Seeking Heaven's Gate in L.A.

by William T. Anderson

Pub Date: May 25th, 2013
ISBN: 978-1-4895-7042-0
Publisher: CreateSpace

In a debut book about growing up black in California in the 1970s, a teenager attempts to avoid violence despite racism and gang warfare.

Roger, the oldest of four children, lives in South Central Los Angeles. This autobiographical novel opens with the then-14-year-old chafing against his “Little Worshipers” classification at Pilgrim Missionary Baptist Church. Moms and Pops force him and his siblings to attend church every Sunday—even though he has encountered bullies there, as well as at school—but he eventually chooses to become a member and be baptized. At a time when Crips and Bloods are in the ascendant, church is presented as a positive influence that counterbalances violence. Roger recognizes that he is fortunate to grow up in a two-parent family. Still, life isn’t easy for a young black man. The volume dramatizes Roger’s struggles with racism through a presentation of his experiences at the several schools he attends as a teenager. First he and a friend try to prove they can survive at an all-white junior high 27 miles away, but “everybody looked at Ron and me like we were from Pluto,” even scattering watermelon seeds around their lockers. After being attacked by a mob of white teenagers wielding pipes, Roger finally transfers to a school within walking distance that’s friendlier to African-Americans. Here, though, Crips steal kids’ lunch money, and Roger falls in with a rough crowd and gets caught shoplifting.
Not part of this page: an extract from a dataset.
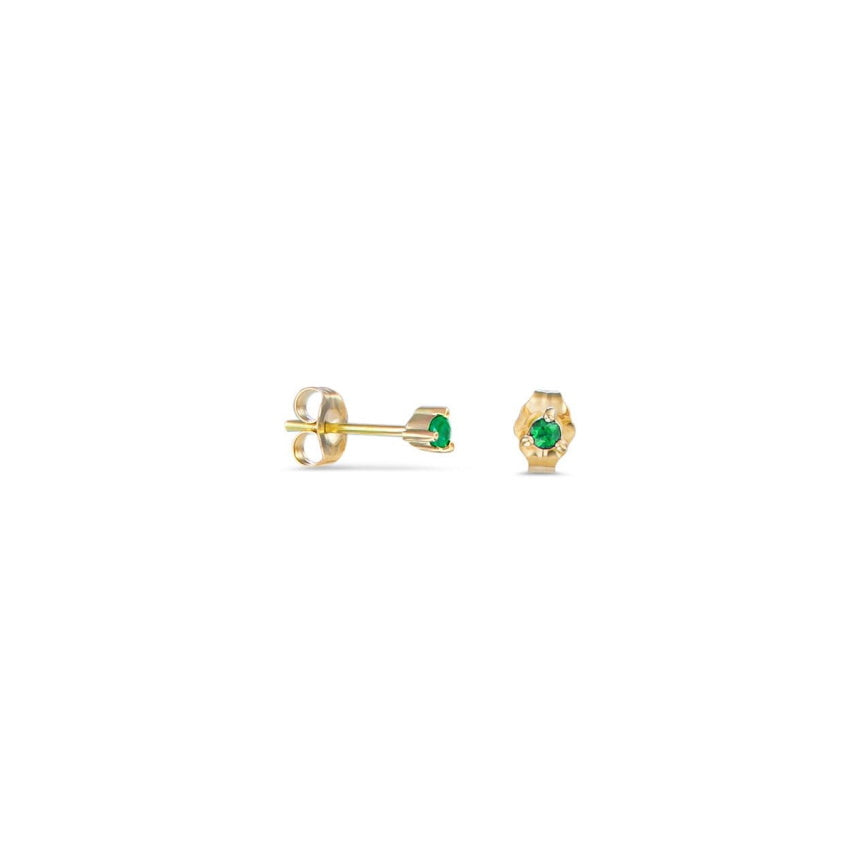 Made from 14K solid gold (yellow, white, or rose) with round-cut natural emeralds measuring 2mm, totaling 0.12 carats per pair. Prong set. Push-back closures.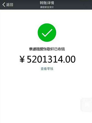 2、咱们先来瞧瞧怎样在微信红包上玩出新花样。眼看自己生日就快到了,心里清楚某人肯定不会有什么表示,可又忍不住想满足一下自己的虚荣心。打开微信的转账界面,乍一看那金额,是不是感觉玩得有点夸张啦?行吧,那就先输入对方名字,接着输入一个随意的金额,就能轻松生成显示为5201314.00元的图片哦。接下来,就到了“装B”的关键步骤。把这个页面分享到朋友圈。哈哈,这下我也成功“装B”了一回!

At his final school, blacks and Mexicans go head-to-head, and an unfortunate incident sees him arrested at age 17. Anderson’s dialogue is strong throughout this lively novel, as is the sense of internal conflict between Christianity and carnal desire: “I was willing to throw part of my faith out the church window for the sake of getting” sex, he recalls. In a series of black-and-white photos—labeled, textbooklike, “Figure 1” and so on—Anderson revisits his childhood haunts, another strategy, though perhaps a superfluous one, for bringing Roger’s story to life. The cliffhanger ending suggests that the author may be contemplating a sequel.

Sometimes harrowing, this striking account of an African-American’s life in Los Angeles delivers powerful moments.